Despite Brynne’s efforts, the party may wish to continue the fight – in that event, the horseman will focus only on Brynne, defending himself from their attacks while single-mindedly attempting to slay her (the horseman suffers a -2 toughness penalty, as he is distracted).
The horseman’s terror ends only when he or Brynne is slain. At that point, he will breathe a great sigh of relief, a gust of cold air that rustles every dying leaf on every gnarled branch in the Waymar, and disappear, leaving only his clothing behind.
If the party manages to slay the horseman, Brynne Hester will thank them tearfully, saying, “I have done what my father, and his father, and their fathers before them were unwilling to do – die so that others may live. But my bravery has been eclipsed by the courage of strangers. I am forever in your debt.”

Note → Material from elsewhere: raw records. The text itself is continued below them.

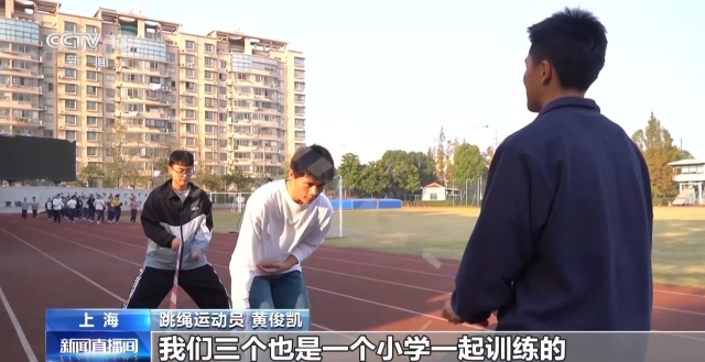 跳绳运动员黄俊凯:这次拿奖,我们三个也是一个小学一起训练的,可能彼此也比较熟悉。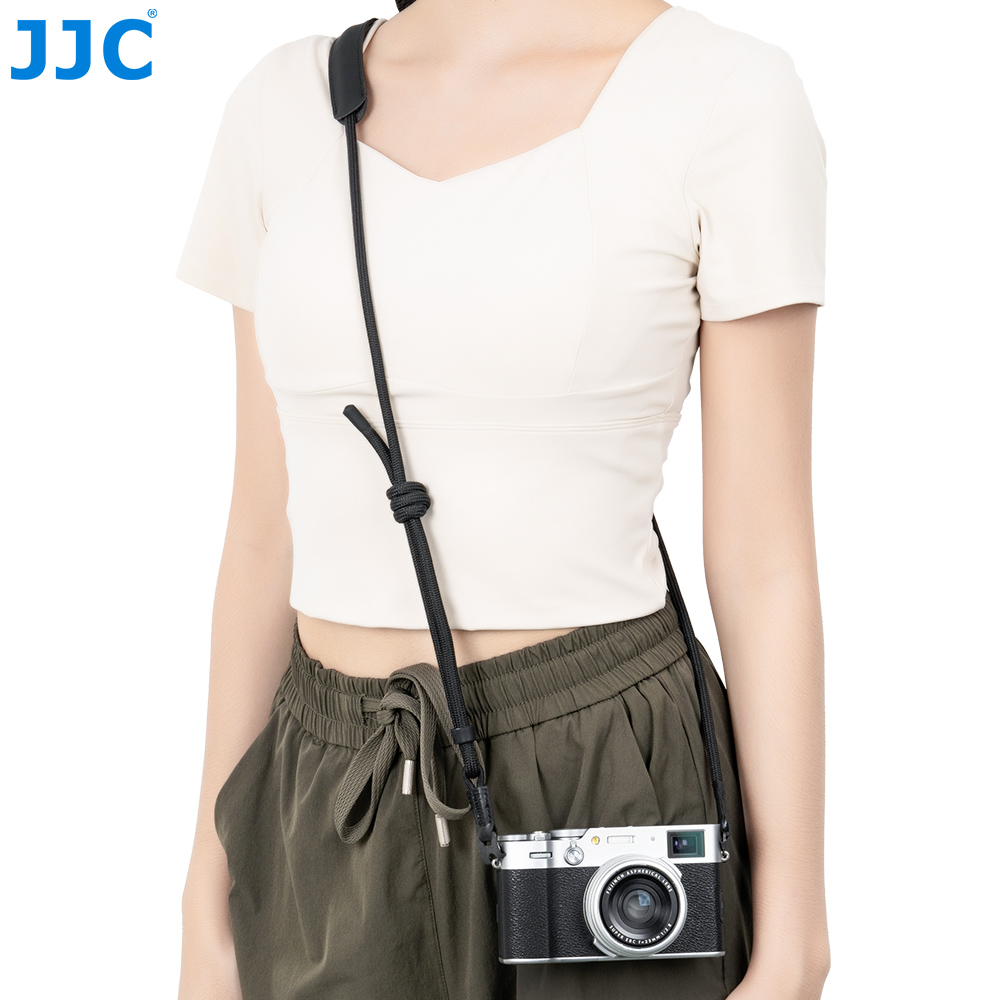 JJC CPC Series Neck Strap is specially designed for retro-style compact cameras such as LEI. & FUJI. that feature small round strap lugs. It is made of tightly woven 48-braid high-density rope that is strong, wear-resistant, and secure to use. The shoulder pad is crafted from soft and comfortable microfiber leather, ensuring fatigue-free wear even over long periods. Both ends of the strap are finished with silicone-dipped seals to prevent fraying. Leather pads on each end protect the camera body from scratches caused by metal rings. The adjustable knot design allows flexible length adjustment to suit different body types and carrying preferences.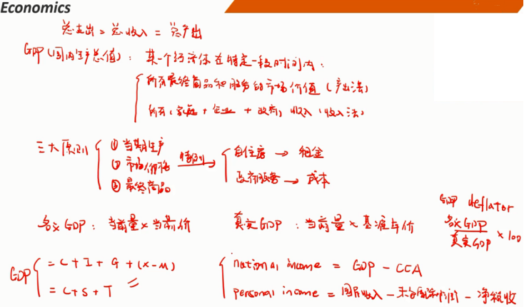 一个经济体的GDP由四个主要部门组成:家庭(人)、企业、政府和世界其他地区。 根据支出法,我们有: GDP = C + I + G +(X-M) C = 消费者在最终产品和服务上的支出 I = 国内私人投资,包括固定资本投资和存货变动(经济学上的投资与传统意义上的投资不一样,指的是固定资本投资和生产出来的存货的变动) G = 政府在消费和投资方面的支出。G = GC(政府在消费上的支出) + GI(政府在投资上的支出) X = 出口 M = 进口 X - M = 净出口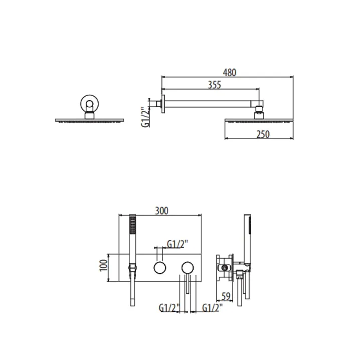 Комплект для душа со встроенным смесителем с ручной лейкой и верхним душем Gattoni Circle Two 250, nero opaco 9170/PDNO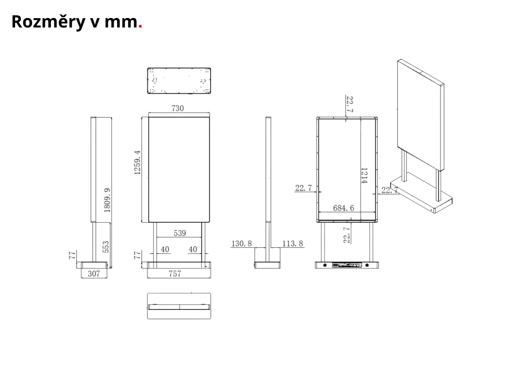 Každý projekt je jedinečný, preto ponúkame aj úpravy na mieru – od farebných detailov rámu až po celkové prispôsobenie dizajnu. Moderná konštrukcia s elegantnou textúrou zapadne do akéhokoľvek priestoru. Tento displej nie je len obrazovkou, ale investíciou do modernej a prestížnej prezentácie vašej značky.

As the group turns to leave, they hear the soft patter of bare feet. Dozens of young girls and women, rubbing their eyes and stumbling as though waking from a deep sleep, emerge from a nearby crumbling building, freed from the spell of the horseman. Brynne gasps in disbelief, and together, she and the party will lead the maidens back to Hester and return them to their families.
Optionally, Brynne may explain to the party why the horseman vowed to end the line of Hester:
Many generations prior, the village of Hester – led by patriarch Isaac Hester – attacked the horseman’s village, whose name has now been lost to time. He accused its people of witchcraft, blaming them for years of failed crops, disease, and hardship. The men were beheaded, the women burned at the stake. The horseman – Jon Carver – was the village patriarch, and the last to be put to death. With his dying breath, he cursed the Hesters, and swore his oath of destruction.